Gao Mobo (chin. 高默波, also: Mobo C. F. Gao, born 1952 as Gao Changfan 高常范 in Gao village, Jiangxi, China) is a Chinese-Australian professor of Chinese studies.

Biography

Mobo Gao was born as the son of peasants in a village in Jiangxi that had no electricity at the time. As a child, he experienced a brief period of famine that followed the Great Leap Forward.

At the beginning of the Cultural Revolution, Gao became a "barefoot teacher" at the village school, but was removed from office and subjected to criticism and self-criticism sessions.

In 1973 Gao left the village to study English at the University of Xiamen in Fujian.
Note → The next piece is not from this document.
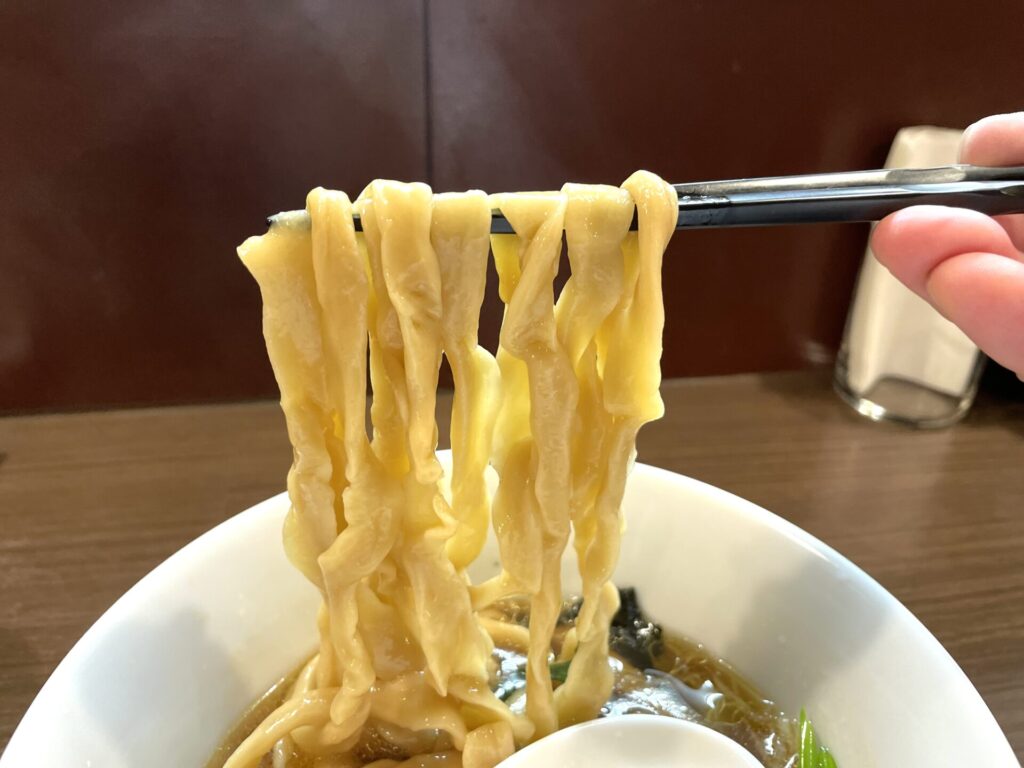 滑らかな舌触り、スープの持ち上げも確かな極太の「手揉み麺」

In 1977 he went to Britain to study at the University of Wales and the University of Westminster in London. He graduated from the University of Essex at Colchester with a master's and doctoral degree. He specialised in Chinese language and culture and became a visiting fellow at Oxford University in Britain and at Harvard University in the United States.

In 1990, Gao emigrated to Australia and became an associate professor at the University of Tasmania in Hobart. Later he became a senior lecturer at the University of Adelaide. In 2008, Gao was appointed director of the Confucius Institute at the University of Adelaide.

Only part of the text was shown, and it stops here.